There is no acceptable material to show that, supply of goods has taken place or any services were rendered, subsequent to registration of appellant as the unit under MSMED Act, 2006. By taking recourse to filing memorandum under sub-section (1) of Section 8 of the Act, subsequent to entering into contract and supply of goods and services, one cannot assume the legal status of being classified under MSMED Act, 2006, as an enterprise, to claim the benefit retrospectively from the date on which appellant entered into contract with the respondent. The appellant cannot become micro or small enterprise or supplier, to claim the benefits within the meaning of MSMED Act 2006, by submitting a memorandum to obtain registration subsequent to entering into the contract and supply of goods and services. If any registration is obtained, same will be prospective and applies for supply of goods and services subsequent to registration but cannot operate retrospectively.
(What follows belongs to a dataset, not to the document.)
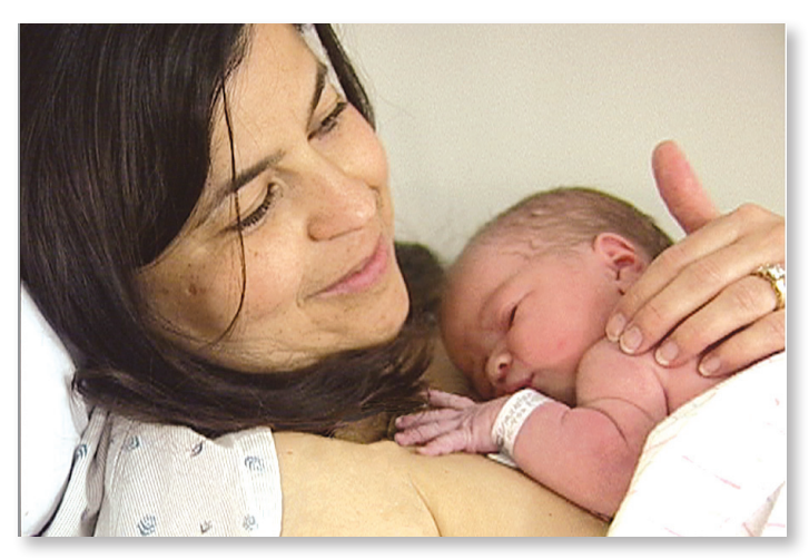
In most cases, your baby gets everything she needs when you hold her skin to skin.

baby's nose and mouth, giving routine medications, or taking the baby to the warmer for observation can be delayed, performed while baby is skin to skin, or avoided altogether.

Any other interpretation of the provision would lead to absurdity and confer unwarranted benefit in favour of a party not intended by legislation.”

6. Clearly, in view of the law enunciated by the Supreme in Silpi Industries, the reference made by respondent no.1/Council was without jurisdiction, as the 2006 Act could not have been triggered, in view of the fact that supplies were made before respondent no.2 got itself registered with respondent no.1 i.e., Council.

7. This view has also been reiterated in another judgment dated 24.03.2022, passed by the Supreme Court in Vaishno Enterprises v. Hamilton Medical AG & Anr. 2022 SCC OnLine SC 355. 7.[1] This position is also not disputed by Mr Udit Malik, who appears on behalf of respondent no.1/Council.

8. In these circumstances, the impugned judgment is set aside.

9. Liberty is, however, given to respondent no.2 to take further steps in the matter, if deemed necessary, albeit, as per law.

10. The above-captioned appeals are disposed of in the aforesaid terms.

11. Consequently, pending applications shall stand closed.